The birch trees examined in this study grew under identical environmental conditions in the Botanical Gardens of Kiel University, thus a possible influence of climate or soil condition on the wax lipid distribution should be identical for each species. The n-alkane compositions in all four Betula species exhibited a dominance of longer-chain lengths homologues (nC27, nC29, nC31) with a mean ACL of ca. 28, as typical of deciduous trees [49]. However, some species had only one dominant homologue (B. pubescens, B. humilis), whilst others had a more bimodal distribution with two dominant homologues (B. nana, B. pendula) (Fig. 1). The ACL has been used in geological archives as a climate and plant species indicator. For example, it has been recognized that higher ACL values correlated with higher temperatures in sediments of Lake Malawi (east Africa), potentially as protection against heat to increase the melting point of epicuticular waxes [66]. However, Diefendorf et al. 2017 in their compilation study could not confirm a significant temperature control on ACL neither in C3 woody plants nor in C3/C4 grasses. Higher ACL values, due to a higher proportion of nC31, nC33 and partially nC35, were observed in C4 grasses (poaceae) of arid zones in Africa, which distinguished them from C3 species from Peru and Australia [67]. A correlation between the preferred habitat of the four birches from our study (arctic/alpine vs. temperate zone) and ACL is not noticeable, since especially the two cold tolerant dwarf birches showed markedly different n-alkane distributions. However, the measured ACL values were in accordance with the expected values, since no extended long-chain n-alkanes with 33 or even 35 carbon atoms, typically for arid grasses, were found.

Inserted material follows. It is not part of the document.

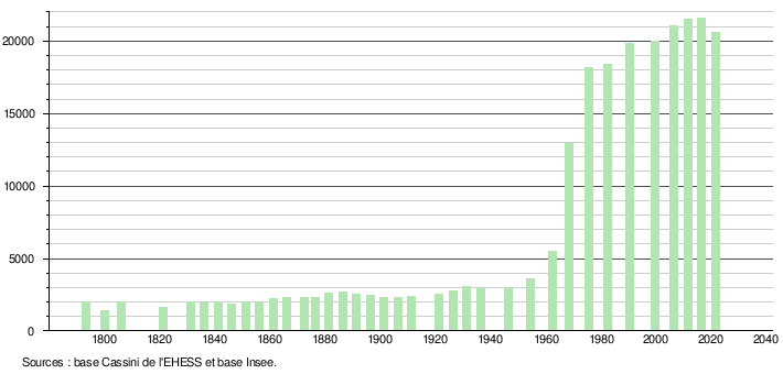 - Croissance démographique d'abord progressive (2343 habitants en 1901, 5552 habitants en 1962), qui s'accélère à partir des années 1960 (12929 en 1968, 18170 en 1975) avant de ralentir dans les années 1970 (18370 habitants en 1982, 20620 habitants en 2021).

n-alcohols of Betula epicuticular wax
As with the n-alkane distribution, a typical terrestrial higher plant pattern was observed, yielding a strong even-over-odd dominance in carbon chain-lengths [68]. The n-alcohol chain-lengths ranged from nC16 to nC32 with a predominance in long-chain alcohols (>nC20) in all birches. As short chain-lengths n-alcohol homologues (<nC20) are primarily synthesised by microbes or algae [69], we based epicuticular wax analysis on the long-chain homologues. The primary n-alcohols showed the closest range in overall concentrations of all lipid classes (Fig. 1). The cumulative n-alcohol concentration extended from 168.5±22.0 μg/g in B. pendula to 436.4±84.7 μg/g in B. humilis. The three birches B. humilis, B. pubescens and B. pendula revealed a gradually decreasing concentration with increasing chain-lengths, whereby B. humilis maximized at nC20 with 209.0±40.2 μg/g d.w. and the latter two at nC22 with 153.5±12.9 and 79.2±10.0 μg/g d.w., respectively. B. nana was characterized by a narrower distribution, peaking at nC28 with 99.7±23.3 μg/g d.w.. Our results demonstrate that the concentration of n-alcohols either increased or decreased gradually with increasing carbon chain-length with only one homologue being dominant (Fig. 1). Both tree birches, B. pubescens and B. pendula, revealed similar alcohol patterns and differed in absolute concentrations only.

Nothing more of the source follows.